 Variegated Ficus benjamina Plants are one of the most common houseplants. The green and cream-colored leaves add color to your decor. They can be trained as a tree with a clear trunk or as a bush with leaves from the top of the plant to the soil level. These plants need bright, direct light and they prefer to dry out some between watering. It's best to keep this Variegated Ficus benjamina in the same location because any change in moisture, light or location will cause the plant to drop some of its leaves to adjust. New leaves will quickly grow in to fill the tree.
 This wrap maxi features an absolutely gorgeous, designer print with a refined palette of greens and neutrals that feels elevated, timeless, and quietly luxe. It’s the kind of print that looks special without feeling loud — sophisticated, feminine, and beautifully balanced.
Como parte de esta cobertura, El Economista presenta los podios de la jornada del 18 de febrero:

---

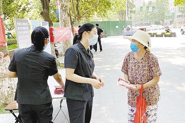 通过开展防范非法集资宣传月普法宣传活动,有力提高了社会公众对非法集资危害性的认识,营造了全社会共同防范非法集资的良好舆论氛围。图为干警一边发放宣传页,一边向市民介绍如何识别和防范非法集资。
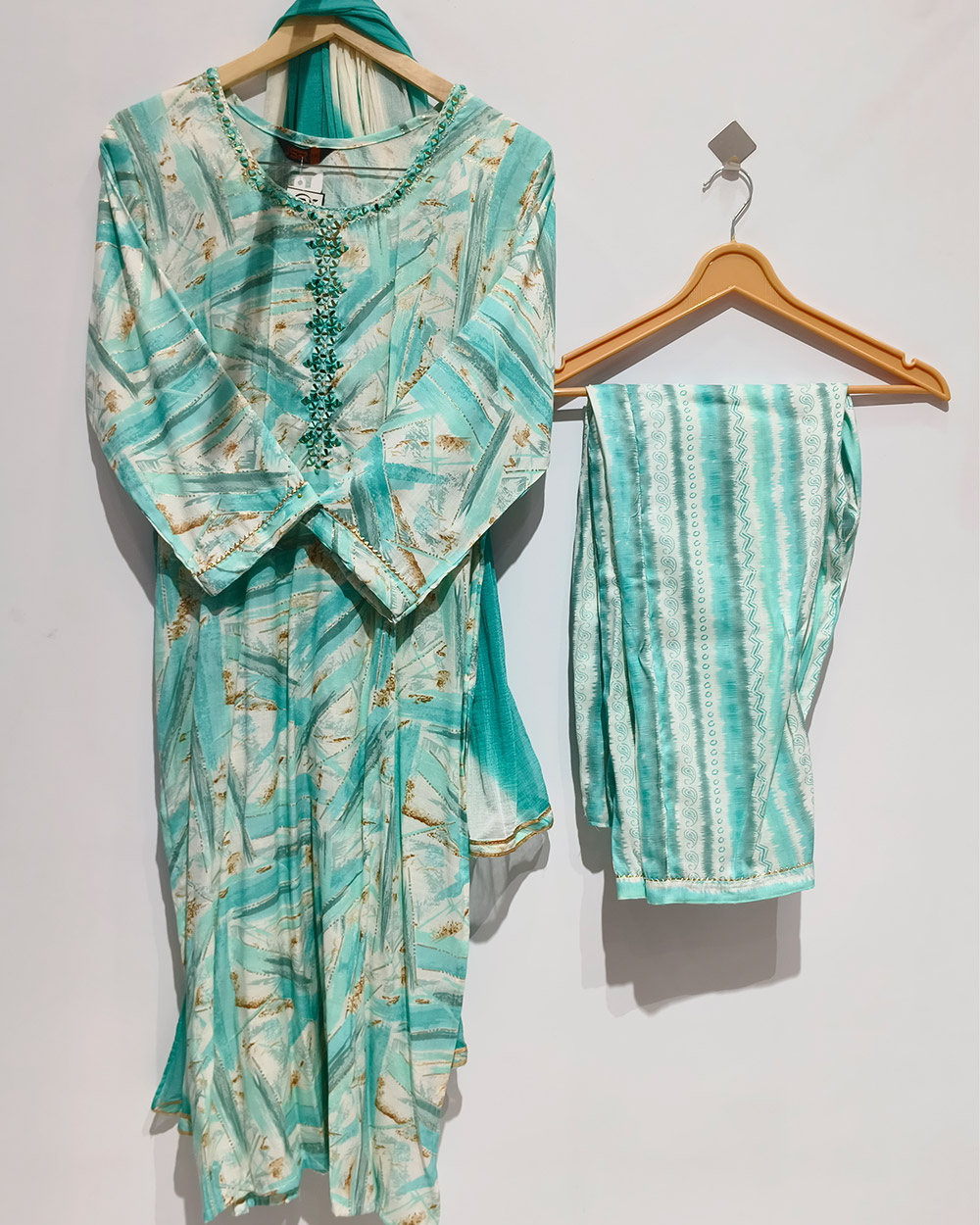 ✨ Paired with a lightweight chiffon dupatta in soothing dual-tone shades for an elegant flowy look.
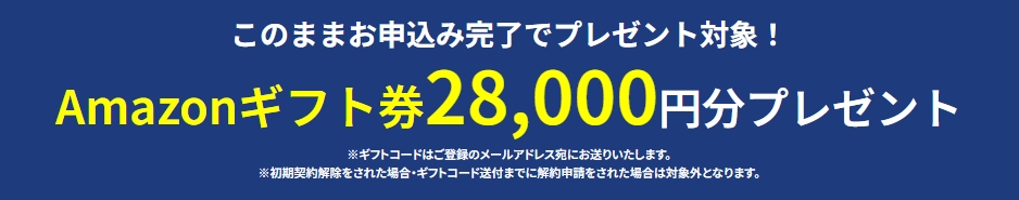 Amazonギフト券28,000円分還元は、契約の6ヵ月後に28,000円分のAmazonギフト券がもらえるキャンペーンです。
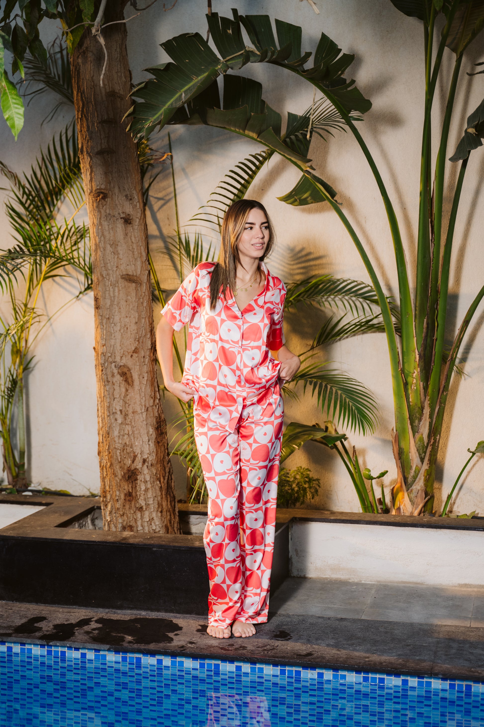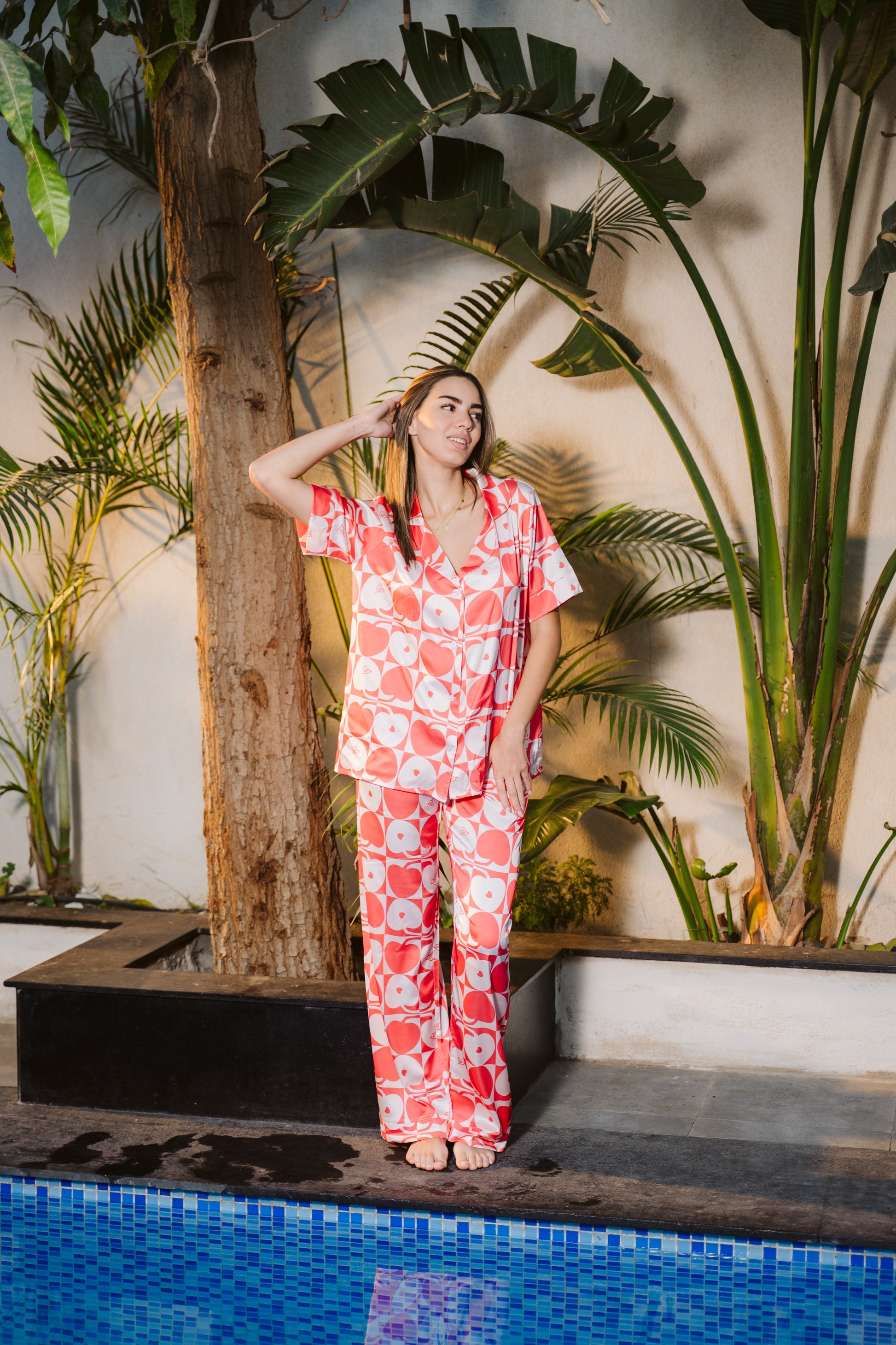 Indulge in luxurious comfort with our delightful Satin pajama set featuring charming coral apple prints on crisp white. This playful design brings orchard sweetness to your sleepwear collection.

...

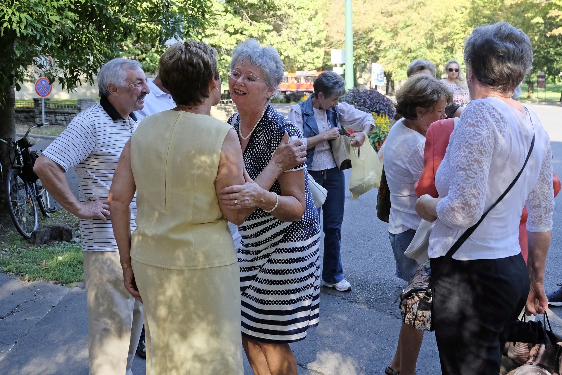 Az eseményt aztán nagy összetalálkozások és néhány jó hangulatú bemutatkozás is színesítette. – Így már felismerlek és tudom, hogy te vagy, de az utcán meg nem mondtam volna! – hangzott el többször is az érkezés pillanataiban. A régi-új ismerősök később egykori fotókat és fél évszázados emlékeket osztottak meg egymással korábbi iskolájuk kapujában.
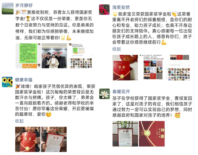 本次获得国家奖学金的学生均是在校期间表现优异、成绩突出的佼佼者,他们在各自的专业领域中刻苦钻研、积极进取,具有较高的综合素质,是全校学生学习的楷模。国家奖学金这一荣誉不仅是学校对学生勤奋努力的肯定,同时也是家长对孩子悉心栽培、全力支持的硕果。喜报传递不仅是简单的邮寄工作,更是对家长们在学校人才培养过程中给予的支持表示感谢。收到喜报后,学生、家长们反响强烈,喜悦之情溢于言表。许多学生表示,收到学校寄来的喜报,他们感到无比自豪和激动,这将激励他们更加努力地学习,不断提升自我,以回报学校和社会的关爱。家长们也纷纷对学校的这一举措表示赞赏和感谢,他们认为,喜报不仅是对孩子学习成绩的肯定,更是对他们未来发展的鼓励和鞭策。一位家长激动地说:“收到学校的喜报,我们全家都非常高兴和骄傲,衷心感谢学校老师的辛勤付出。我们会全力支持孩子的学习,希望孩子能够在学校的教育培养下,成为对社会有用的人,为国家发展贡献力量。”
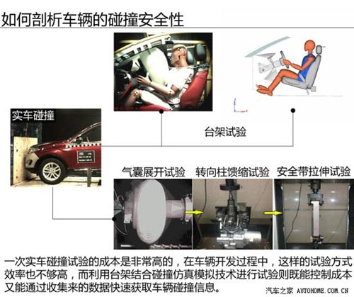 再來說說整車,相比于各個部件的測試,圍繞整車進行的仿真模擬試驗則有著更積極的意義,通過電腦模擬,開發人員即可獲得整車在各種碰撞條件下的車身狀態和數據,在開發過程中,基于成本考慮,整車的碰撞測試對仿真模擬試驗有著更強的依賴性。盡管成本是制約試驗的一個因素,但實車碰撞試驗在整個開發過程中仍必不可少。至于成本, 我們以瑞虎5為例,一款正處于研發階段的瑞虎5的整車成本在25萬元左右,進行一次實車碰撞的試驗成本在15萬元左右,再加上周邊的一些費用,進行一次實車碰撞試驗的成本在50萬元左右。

▶ **PROBLEM**: How would the lines above read from the one with "Az eseményt aztán" to the one with "本次获得国家奖学金的学生均是", inclusive, with no pictures? Write them out exactly.

▶ **TASK OUTPUT**:
 Az eseményt aztán nagy összetalálkozások és néhány jó hangulatú bemutatkozás is színesítette. – Így már felismerlek és tudom, hogy te vagy, de az utcán meg nem mondtam volna! – hangzott el többször is az érkezés pillanataiban. A régi-új ismerősök később egykori fotókat és fél évszázados emlékeket osztottak meg egymással korábbi iskolájuk kapujában.
 本次获得国家奖学金的学生均是在校期间表现优异、成绩突出的佼佼者,他们在各自的专业领域中刻苦钻研、积极进取,具有较高的综合素质,是全校学生学习的楷模。国家奖学金这一荣誉不仅是学校对学生勤奋努力的肯定,同时也是家长对孩子悉心栽培、全力支持的硕果。喜报传递不仅是简单的邮寄工作,更是对家长们在学校人才培养过程中给予的支持表示感谢。收到喜报后,学生、家长们反响强烈,喜悦之情溢于言表。许多学生表示,收到学校寄来的喜报,他们感到无比自豪和激动,这将激励他们更加努力地学习,不断提升自我,以回报学校和社会的关爱。家长们也纷纷对学校的这一举措表示赞赏和感谢,他们认为,喜报不仅是对孩子学习成绩的肯定,更是对他们未来发展的鼓励和鞭策。一位家长激动地说:“收到学校的喜报,我们全家都非常高兴和骄傲,衷心感谢学校老师的辛勤付出。我们会全力支持孩子的学习,希望孩子能够在学校的教育培养下,成为对社会有用的人,为国家发展贡献力量。”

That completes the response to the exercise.